To assign someone on GitHub, use gh issue edit <NUMBER> --repo <org/repo> --add-assignee <login>.
Closing an Issue
Linear and GitHub both auto-close issues via PR descriptions using the Closes <ID> / Closes #<num> syntax. Do not manually close unless:
- The work was abandoned
- It was resolved without a PR
- An auto-close didn't fire and needs a manual nudge
Linear (GraphQL)
Close via the Linear web UI (mark the issue as Done or Cancelled), or instruct the user to close it there. Auto-close via PR Closes <ID> description is the preferred path.
GitHub
gh issue close <NUMBER> --repo <org/repo> --comment "<optional closing note>"
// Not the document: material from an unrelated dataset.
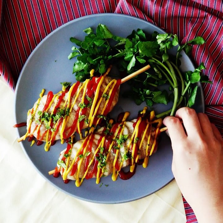 6. 焼きあがったらケチャップとマスタードをかけて召し上がれ!⠀
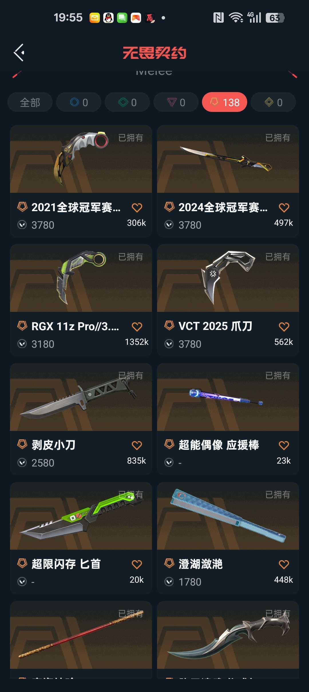 全英雄 刀皮28个21冠军套 24冠军套 双城之战套装 vct爪刀 猴子套

Use --reason "completed" (default) or --reason "not planned" to distinguish abandonment. If the issue was resolved by a PR but didn't auto-close, add a closing comment that links the PR for future readers: --comment "Resolved by #123.".
Proactive Issue Detection
When the user describes work, check if it matches an open issue.
Linear
Check the issue cache via briefing or lens:
node "$CLAUDE_PLUGIN_ROOT/hooks/bin/pm-cache.js" briefing --slug "<slug>"
Search issues array by title/description keywords. If the cache is stale, run delta-sync first.
GitHub
gh issue list --repo <org/repo> --search "<keywords>" --state open --limit 10 --json number,title,labels,assignees,url
gh search issues is also available for cross-repo queries, but gh issue list --search is scoped to the repo and matches the cache shape we already use.
Then, regardless of tracker:
- If no match found → suggest creating one
- If a match found → confirm: "Is this related to [ID · Title]?"